> Problem statement:
The answer is the first line of the listing and every line after it through the one containing "ポンタ カード リクルート Id", exact, with pictures removed.

Data START

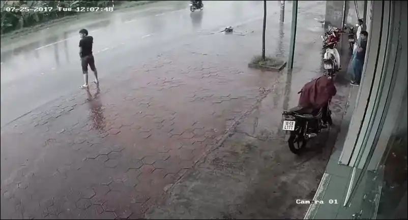 Парень подошел к краю дороги и нимало не смущаясь начал отливать в лужу. Не успел он закончить как по этой луже проехал грузовик и окатил его с ног до головы.
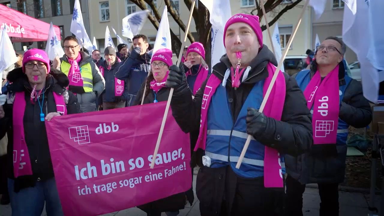 Sieben Prozent mehr Lohn: Das fordert die Deutsche Polizeigewerkschaft mit einer Mahnwache in München und macht auf Unterschiede bei Tarifverträgen aufmerksam. Grund für die Forderungen sind auch steigende Lebensunterhaltungskosten.
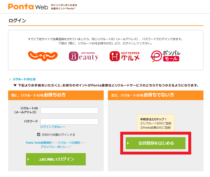 ポンタ カード リクルート Id
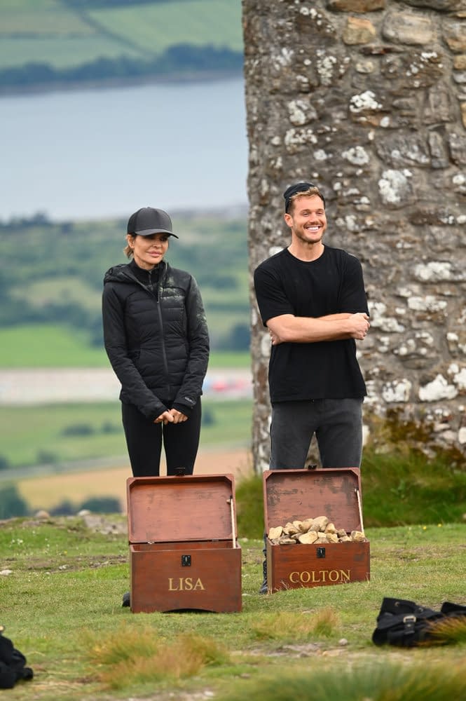 - "The Black Banquet" Episode 407 — Pictured: (l-r) Lisa Rinna, Colton Underwood — (Photo by: Euan Cherry/PEACOCK)

Data END

> Exercise answer:
 Парень подошел к краю дороги и нимало не смущаясь начал отливать в лужу. Не успел он закончить как по этой луже проехал грузовик и окатил его с ног до головы.
 Sieben Prozent mehr Lohn: Das fordert die Deutsche Polizeigewerkschaft mit einer Mahnwache in München und macht auf Unterschiede bei Tarifverträgen aufmerksam. Grund für die Forderungen sind auch steigende Lebensunterhaltungskosten.
 ポンタ カード リクルート Id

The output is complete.